2. Reasons for destruction

Information and records should be destroyed using the correct method and at the appropriate time. This is important because it:

  • saves time and storage costs

  • shifts focus to higher priority information and records

  • prevents unauthorised access to information and records

  • may be a legislative requirement (such as to ensure privacy conditions are met).

3. Which information and records have to be destroyed

Only destroy information and records that the Chief Archivist has authorised for destruction. For public offices, there are three types of disposal authorities:

  • organisation specific disposal authorities set for a limited period

  • one-off disposal authorities created for specific records

  • general disposal authorities, issued by Archives New Zealand for records commonly kept by a public office.

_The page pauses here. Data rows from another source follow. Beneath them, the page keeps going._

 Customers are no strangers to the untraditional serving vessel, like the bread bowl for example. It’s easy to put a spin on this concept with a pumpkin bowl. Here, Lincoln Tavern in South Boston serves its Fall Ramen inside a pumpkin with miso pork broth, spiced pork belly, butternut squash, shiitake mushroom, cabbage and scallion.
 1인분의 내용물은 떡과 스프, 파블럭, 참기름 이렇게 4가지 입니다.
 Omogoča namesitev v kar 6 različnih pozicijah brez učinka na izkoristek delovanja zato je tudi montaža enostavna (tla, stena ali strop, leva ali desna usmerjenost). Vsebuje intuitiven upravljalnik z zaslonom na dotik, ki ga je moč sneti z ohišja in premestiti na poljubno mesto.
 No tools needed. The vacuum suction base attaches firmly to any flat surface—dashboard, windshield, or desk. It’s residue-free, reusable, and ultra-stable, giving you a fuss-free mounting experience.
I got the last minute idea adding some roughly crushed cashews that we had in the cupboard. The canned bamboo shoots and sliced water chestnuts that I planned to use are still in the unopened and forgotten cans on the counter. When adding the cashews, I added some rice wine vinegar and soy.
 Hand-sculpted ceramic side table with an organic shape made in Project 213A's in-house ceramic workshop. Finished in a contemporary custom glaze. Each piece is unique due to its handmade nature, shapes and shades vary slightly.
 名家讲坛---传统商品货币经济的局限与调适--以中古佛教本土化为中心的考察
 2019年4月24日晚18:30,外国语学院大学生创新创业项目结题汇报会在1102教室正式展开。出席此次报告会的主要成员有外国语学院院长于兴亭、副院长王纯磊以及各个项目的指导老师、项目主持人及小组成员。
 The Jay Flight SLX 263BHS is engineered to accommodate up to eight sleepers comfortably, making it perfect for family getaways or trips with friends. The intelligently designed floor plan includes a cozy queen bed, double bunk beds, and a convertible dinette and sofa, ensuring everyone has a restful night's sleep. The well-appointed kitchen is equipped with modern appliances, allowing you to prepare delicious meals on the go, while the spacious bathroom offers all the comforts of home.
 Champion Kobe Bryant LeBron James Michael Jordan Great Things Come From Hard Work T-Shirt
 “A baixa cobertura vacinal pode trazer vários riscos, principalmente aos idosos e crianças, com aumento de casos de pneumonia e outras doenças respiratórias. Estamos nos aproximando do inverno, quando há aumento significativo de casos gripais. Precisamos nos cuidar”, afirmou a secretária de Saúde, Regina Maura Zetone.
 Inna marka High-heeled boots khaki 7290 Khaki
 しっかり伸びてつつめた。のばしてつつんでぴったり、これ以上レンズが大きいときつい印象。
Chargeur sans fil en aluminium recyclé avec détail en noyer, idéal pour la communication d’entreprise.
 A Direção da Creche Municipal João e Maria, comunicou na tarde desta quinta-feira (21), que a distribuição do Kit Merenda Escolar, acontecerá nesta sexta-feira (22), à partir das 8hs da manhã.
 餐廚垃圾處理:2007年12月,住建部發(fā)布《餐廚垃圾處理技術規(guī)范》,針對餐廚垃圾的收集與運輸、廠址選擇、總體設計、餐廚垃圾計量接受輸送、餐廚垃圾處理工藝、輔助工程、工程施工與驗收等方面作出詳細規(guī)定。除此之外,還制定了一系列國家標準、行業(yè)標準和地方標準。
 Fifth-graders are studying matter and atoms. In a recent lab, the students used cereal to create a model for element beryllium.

For local authorities, the Association of Local Government Information Management (ALGIM) has an example retention and disposal schedule. The schedule is part of its Information Management Toolkit. This example shows information management staff at local authorities how to decide whether to retain or dispose of their non-current (or inactive) information and records. In addition, the List of Protected Records identifies categories of information and records that the Chief Archivist classifies as “worthy of protection”. These records can only be destroyed with the approval of the Chief Archivist.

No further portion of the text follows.